In this criminal matter, we are presented by this writ with the issue of whether a certain portion of land located within the Atchafalaya Basin ecological system is part of the bank of the Atchafalaya River and whether flood waters over privately owned lands may become subject to public use. This Court granted the application and ordered the matter docketed for briefing and oral argument. We now issue a written opinion, affirm the ruling of the trial court, and deny the writ.

FACTS

Defendants, Joey Barras and Kip Barras, were crawfishing in the Atchafalaya Basin when each was orally forbidden to remain in those lands owned by Williams, Inc. Utilizing canals and pipeline rights-of-way, the defendants gained access to the Williams’ property by boat for the purpose of conducting their own commercial fishing operations. On several occasions, defendants were advised that they were on private property and asked to leave. The defendants ignored the warning and continued to actively engage in commercial craw-fish harvesting. Subsequently, charges were brought against the pair and both were convicted of violating La.R.S. 14:63.3, Entry on or Remaining in a Place or on Land After Being Forbidden.

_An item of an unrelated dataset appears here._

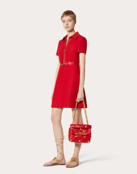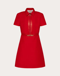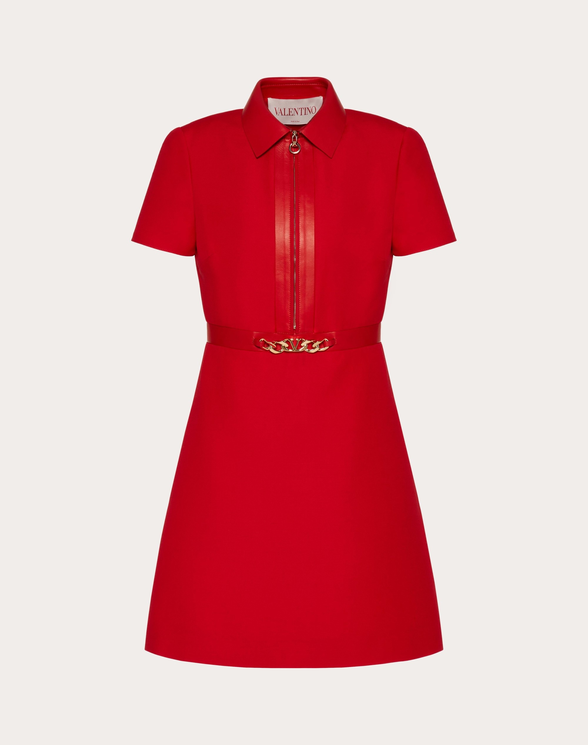 Crepe Couture VLogo Chain dress - Matching leather trim detail - VLogo Chain detail at the waist - Studded zip detail - Front zipper closure - Crepe Couture (65% Virgin Wool, 35% Silk) - Georgette Stretch lining (91% Viscose, 9% Elastane) - Length from shoulders: 90 cm / 35.4 in. in Italian size 40 - Sleeve length 40 cm / 15.7 in. from the center back in Italian size 40 The model is 176 cm / 5'9" tall and wears an Italian size 40 - Made in Italy Product Code BVAZR51CF_157

Seeking to reverse their convictions, defendants contend this land constitutes the bank of the Atchafalaya River and, as such, under the authority of La.C.C. art. 456, they had a legal right to fish from [303]*303water covering areas in the Atchafalaya River Basin.1

Defendants also argue that the waters are part of a yearly spring rise of the Atchafalaya River and, as such, constitute “running waters” under La.C.C. art. 450 and are therefore “public things” subject to public use.2

The land in question lies within the At-chafalaya Basin within Iberia Parish, which is part of the Atchafalaya Basin ecological system located within the Atchafalaya Basin levees. This tract of land is approximately 649 acres, of which about 600 acres lie east of the west guide levee of the Atchafalaya River.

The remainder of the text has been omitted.